== SUPPLIED DATA ==
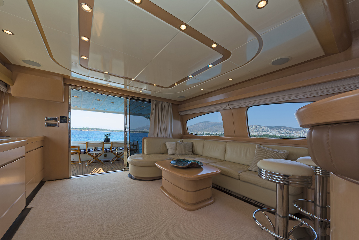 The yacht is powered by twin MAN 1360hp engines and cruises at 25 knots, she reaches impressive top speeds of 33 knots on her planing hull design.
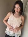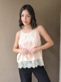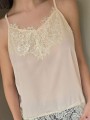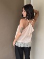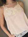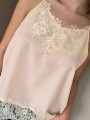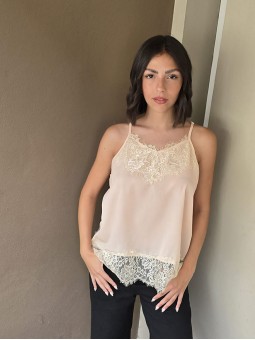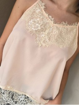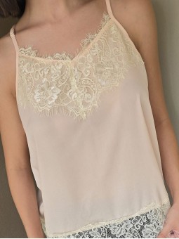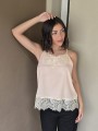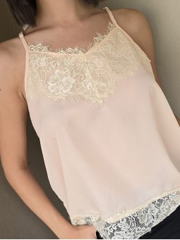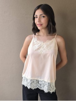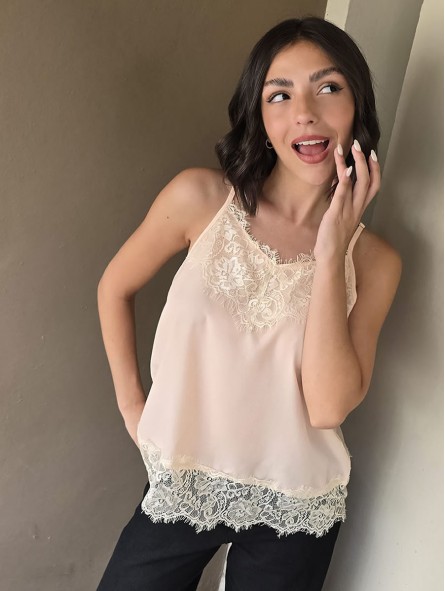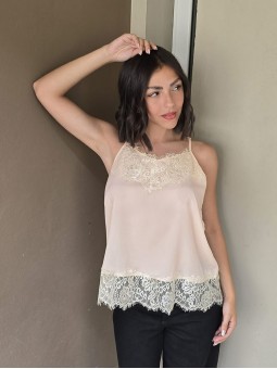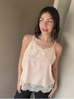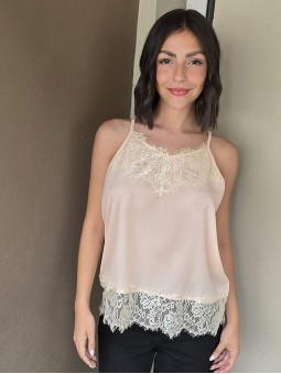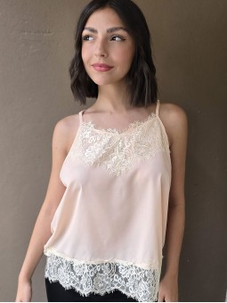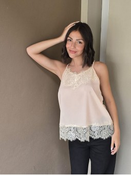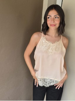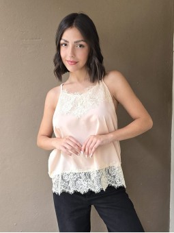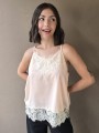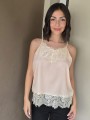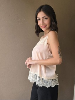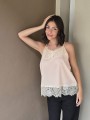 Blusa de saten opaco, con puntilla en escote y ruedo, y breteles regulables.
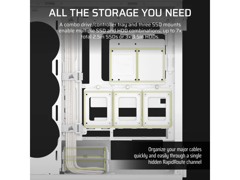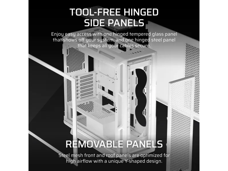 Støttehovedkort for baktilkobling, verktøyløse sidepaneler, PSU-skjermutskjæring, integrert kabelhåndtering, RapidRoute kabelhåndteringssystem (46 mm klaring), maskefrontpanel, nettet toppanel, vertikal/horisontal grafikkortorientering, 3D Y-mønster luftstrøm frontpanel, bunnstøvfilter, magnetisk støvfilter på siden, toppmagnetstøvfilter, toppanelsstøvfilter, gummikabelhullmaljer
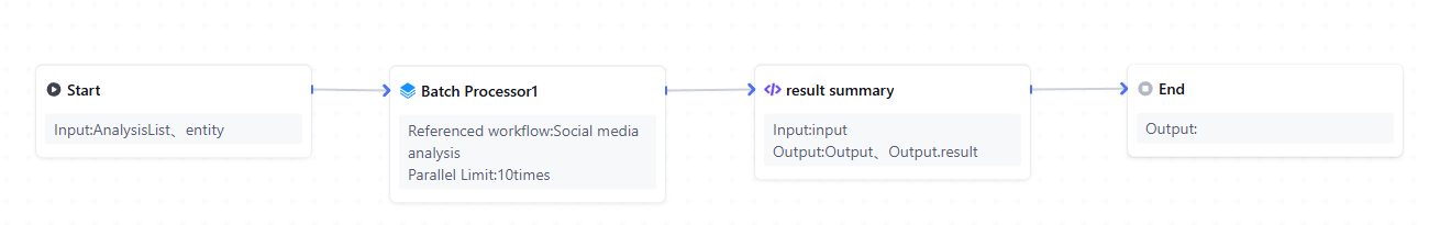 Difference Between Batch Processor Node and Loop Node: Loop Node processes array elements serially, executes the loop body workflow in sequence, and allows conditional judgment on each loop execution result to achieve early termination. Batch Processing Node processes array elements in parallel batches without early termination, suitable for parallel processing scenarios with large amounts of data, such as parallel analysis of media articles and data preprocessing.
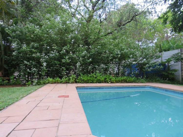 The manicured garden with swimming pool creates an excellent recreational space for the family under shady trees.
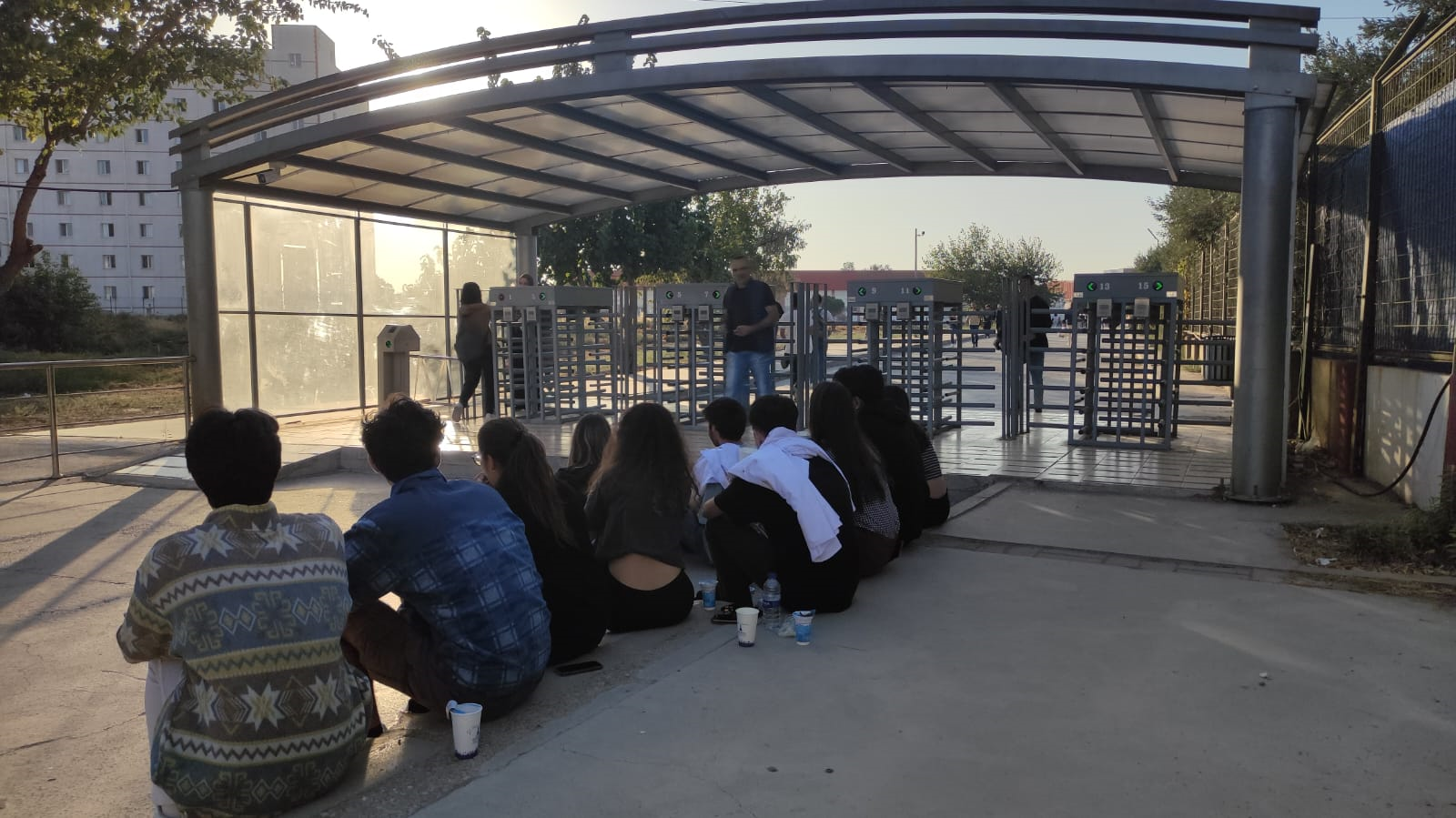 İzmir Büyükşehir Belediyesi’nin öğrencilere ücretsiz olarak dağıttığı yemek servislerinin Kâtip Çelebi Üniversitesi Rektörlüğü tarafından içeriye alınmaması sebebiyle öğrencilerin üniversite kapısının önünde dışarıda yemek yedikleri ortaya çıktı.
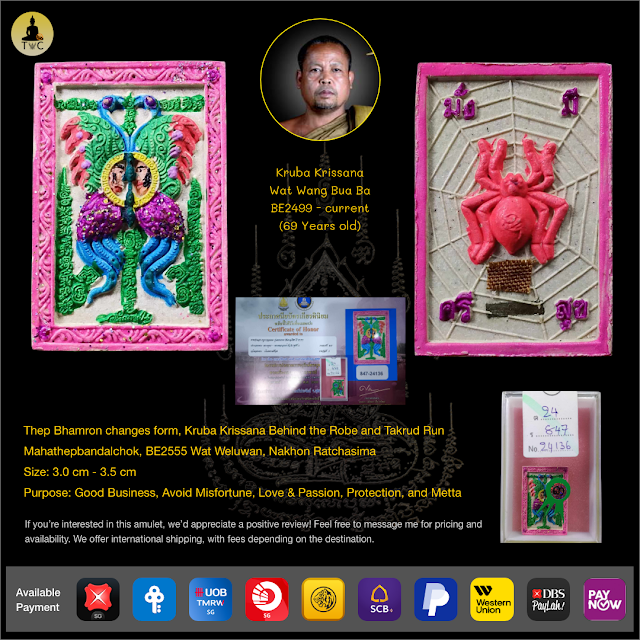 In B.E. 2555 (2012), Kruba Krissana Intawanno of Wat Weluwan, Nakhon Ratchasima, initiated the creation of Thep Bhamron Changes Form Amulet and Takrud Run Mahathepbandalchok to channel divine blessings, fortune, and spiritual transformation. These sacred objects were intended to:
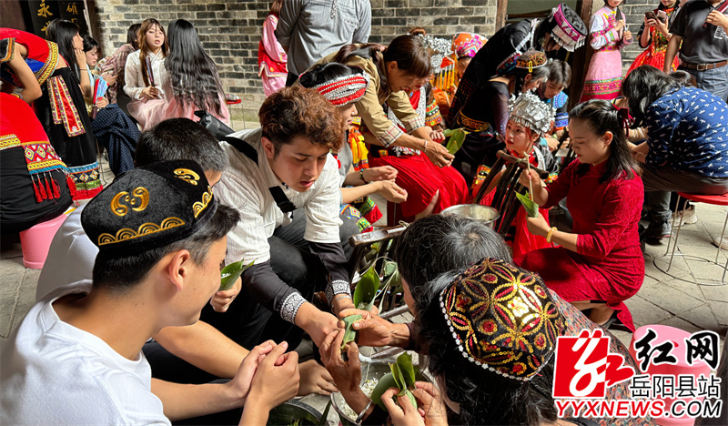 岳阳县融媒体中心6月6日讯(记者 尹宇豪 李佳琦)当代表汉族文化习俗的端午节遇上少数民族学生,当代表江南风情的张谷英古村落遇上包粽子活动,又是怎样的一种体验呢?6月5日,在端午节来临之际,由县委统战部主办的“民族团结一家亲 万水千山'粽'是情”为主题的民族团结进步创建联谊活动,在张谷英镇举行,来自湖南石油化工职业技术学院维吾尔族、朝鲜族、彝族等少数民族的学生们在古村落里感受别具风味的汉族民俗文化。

== TO DO ==
Your task is to output the material word for word while leaving out every image.

== ANSWER TO THE EXERCISE ==
 The yacht is powered by twin MAN 1360hp engines and cruises at 25 knots, she reaches impressive top speeds of 33 knots on her planing hull design.
 Blusa de saten opaco, con puntilla en escote y ruedo, y breteles regulables.
 Støttehovedkort for baktilkobling, verktøyløse sidepaneler, PSU-skjermutskjæring, integrert kabelhåndtering, RapidRoute kabelhåndteringssystem (46 mm klaring), maskefrontpanel, nettet toppanel, vertikal/horisontal grafikkortorientering, 3D Y-mønster luftstrøm frontpanel, bunnstøvfilter, magnetisk støvfilter på siden, toppmagnetstøvfilter, toppanelsstøvfilter, gummikabelhullmaljer
 Difference Between Batch Processor Node and Loop Node: Loop Node processes array elements serially, executes the loop body workflow in sequence, and allows conditional judgment on each loop execution result to achieve early termination. Batch Processing Node processes array elements in parallel batches without early termination, suitable for parallel processing scenarios with large amounts of data, such as parallel analysis of media articles and data preprocessing.
 The manicured garden with swimming pool creates an excellent recreational space for the family under shady trees.
 İzmir Büyükşehir Belediyesi’nin öğrencilere ücretsiz olarak dağıttığı yemek servislerinin Kâtip Çelebi Üniversitesi Rektörlüğü tarafından içeriye alınmaması sebebiyle öğrencilerin üniversite kapısının önünde dışarıda yemek yedikleri ortaya çıktı.
 In B.E. 2555 (2012), Kruba Krissana Intawanno of Wat Weluwan, Nakhon Ratchasima, initiated the creation of Thep Bhamron Changes Form Amulet and Takrud Run Mahathepbandalchok to channel divine blessings, fortune, and spiritual transformation. These sacred objects were intended to:
 岳阳县融媒体中心6月6日讯(记者 尹宇豪 李佳琦)当代表汉族文化习俗的端午节遇上少数民族学生,当代表江南风情的张谷英古村落遇上包粽子活动,又是怎样的一种体验呢?6月5日,在端午节来临之际,由县委统战部主办的“民族团结一家亲 万水千山'粽'是情”为主题的民族团结进步创建联谊活动,在张谷英镇举行,来自湖南石油化工职业技术学院维吾尔族、朝鲜族、彝族等少数民族的学生们在古村落里感受别具风味的汉族民俗文化。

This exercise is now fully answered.